▶ **Task goal**: Return only the lines of the data below from the line with "현재 가치는 저평가이며" up to and including the line with "We use the solid", exactly as written, with the pictures omitted.

▶ **Information provided**:
↓↓↓

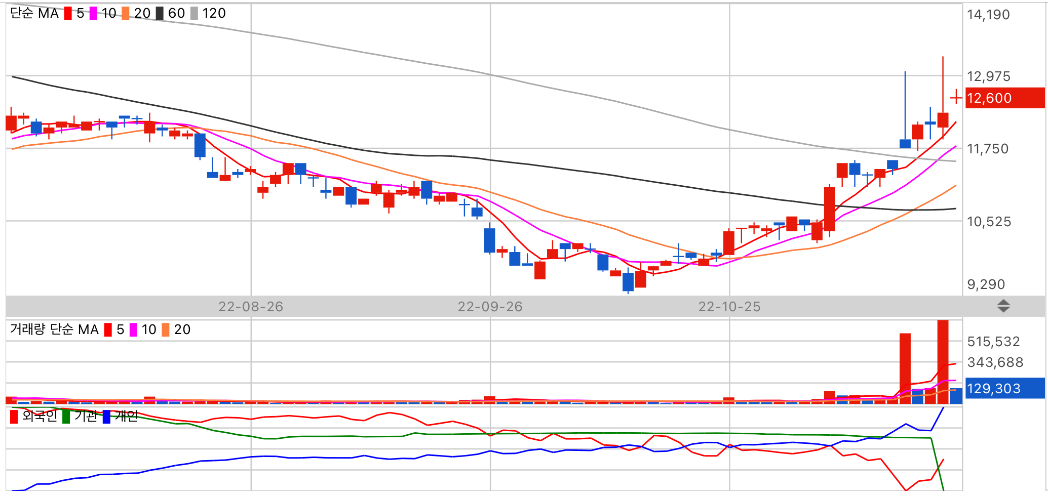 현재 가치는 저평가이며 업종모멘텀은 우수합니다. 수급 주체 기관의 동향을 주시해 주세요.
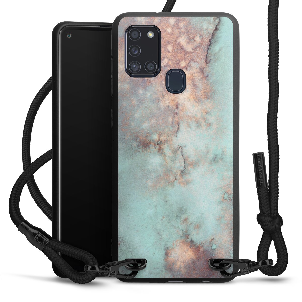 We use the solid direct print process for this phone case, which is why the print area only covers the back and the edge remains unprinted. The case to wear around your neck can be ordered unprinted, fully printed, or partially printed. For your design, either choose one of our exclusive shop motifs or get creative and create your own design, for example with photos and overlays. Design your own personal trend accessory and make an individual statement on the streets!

↑↑↑
↓↓↓

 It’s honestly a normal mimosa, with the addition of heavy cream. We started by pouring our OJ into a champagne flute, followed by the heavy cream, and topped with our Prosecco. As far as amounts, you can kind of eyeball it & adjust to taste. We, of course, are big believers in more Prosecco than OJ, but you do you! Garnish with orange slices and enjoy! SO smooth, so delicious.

↑↑↑

▶ **Solved problem**:
 현재 가치는 저평가이며 업종모멘텀은 우수합니다. 수급 주체 기관의 동향을 주시해 주세요.
 We use the solid direct print process for this phone case, which is why the print area only covers the back and the edge remains unprinted. The case to wear around your neck can be ordered unprinted, fully printed, or partially printed. For your design, either choose one of our exclusive shop motifs or get creative and create your own design, for example with photos and overlays. Design your own personal trend accessory and make an individual statement on the streets!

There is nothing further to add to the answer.